◆ Information shown:
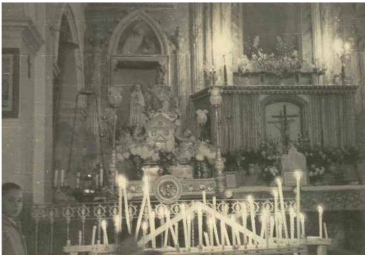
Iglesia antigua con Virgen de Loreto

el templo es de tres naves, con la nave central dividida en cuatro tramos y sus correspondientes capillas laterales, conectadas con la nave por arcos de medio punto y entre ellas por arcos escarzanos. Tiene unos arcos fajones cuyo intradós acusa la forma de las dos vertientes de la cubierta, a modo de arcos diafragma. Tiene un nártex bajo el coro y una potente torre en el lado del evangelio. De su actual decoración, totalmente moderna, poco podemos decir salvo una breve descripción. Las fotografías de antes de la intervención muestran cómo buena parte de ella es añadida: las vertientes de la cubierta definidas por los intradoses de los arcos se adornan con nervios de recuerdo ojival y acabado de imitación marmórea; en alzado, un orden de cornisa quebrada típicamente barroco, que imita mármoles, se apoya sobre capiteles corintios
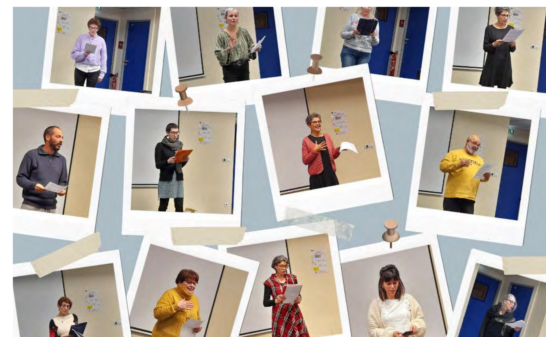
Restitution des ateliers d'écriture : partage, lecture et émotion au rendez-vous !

--

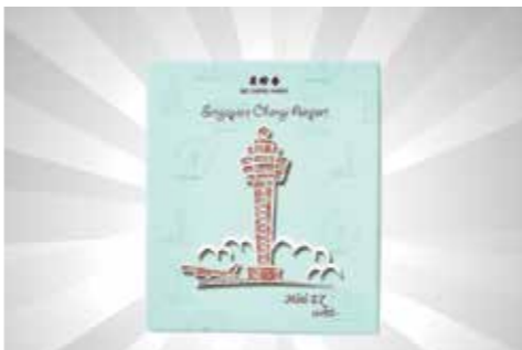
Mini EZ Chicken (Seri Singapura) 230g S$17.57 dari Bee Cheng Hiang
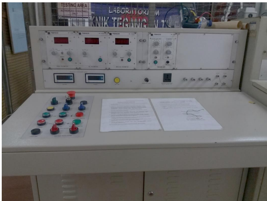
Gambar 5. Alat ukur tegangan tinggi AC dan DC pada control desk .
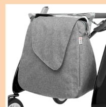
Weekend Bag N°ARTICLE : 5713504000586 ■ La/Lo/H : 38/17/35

--

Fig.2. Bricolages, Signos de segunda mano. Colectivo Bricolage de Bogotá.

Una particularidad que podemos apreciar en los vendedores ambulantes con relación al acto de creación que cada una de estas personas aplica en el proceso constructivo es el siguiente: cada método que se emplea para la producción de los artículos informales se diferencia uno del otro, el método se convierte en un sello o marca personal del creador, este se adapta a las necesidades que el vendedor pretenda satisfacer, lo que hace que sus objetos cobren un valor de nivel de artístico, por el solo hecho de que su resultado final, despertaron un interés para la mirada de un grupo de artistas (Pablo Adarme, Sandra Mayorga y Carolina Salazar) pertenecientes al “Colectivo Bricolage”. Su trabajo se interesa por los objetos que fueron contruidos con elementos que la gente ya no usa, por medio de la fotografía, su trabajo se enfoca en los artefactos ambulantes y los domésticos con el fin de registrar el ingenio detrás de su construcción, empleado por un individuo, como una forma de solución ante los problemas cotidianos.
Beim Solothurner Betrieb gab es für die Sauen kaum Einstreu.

◆ Assigned task: Copy word for word the span of the records above that begins at the line with "Iglesia antigua con Virgen de Loreto" and ends at the line with "Restitution des ateliers", including those two lines but not the pictures.

◆ Output for this task:
Iglesia antigua con Virgen de Loreto

el templo es de tres naves, con la nave central dividida en cuatro tramos y sus correspondientes capillas laterales, conectadas con la nave por arcos de medio punto y entre ellas por arcos escarzanos. Tiene unos arcos fajones cuyo intradós acusa la forma de las dos vertientes de la cubierta, a modo de arcos diafragma. Tiene un nártex bajo el coro y una potente torre en el lado del evangelio. De su actual decoración, totalmente moderna, poco podemos decir salvo una breve descripción. Las fotografías de antes de la intervención muestran cómo buena parte de ella es añadida: las vertientes de la cubierta definidas por los intradoses de los arcos se adornan con nervios de recuerdo ojival y acabado de imitación marmórea; en alzado, un orden de cornisa quebrada típicamente barroco, que imita mármoles, se apoya sobre capiteles corintios
Restitution des ateliers d'écriture : partage, lecture et émotion au rendez-vous !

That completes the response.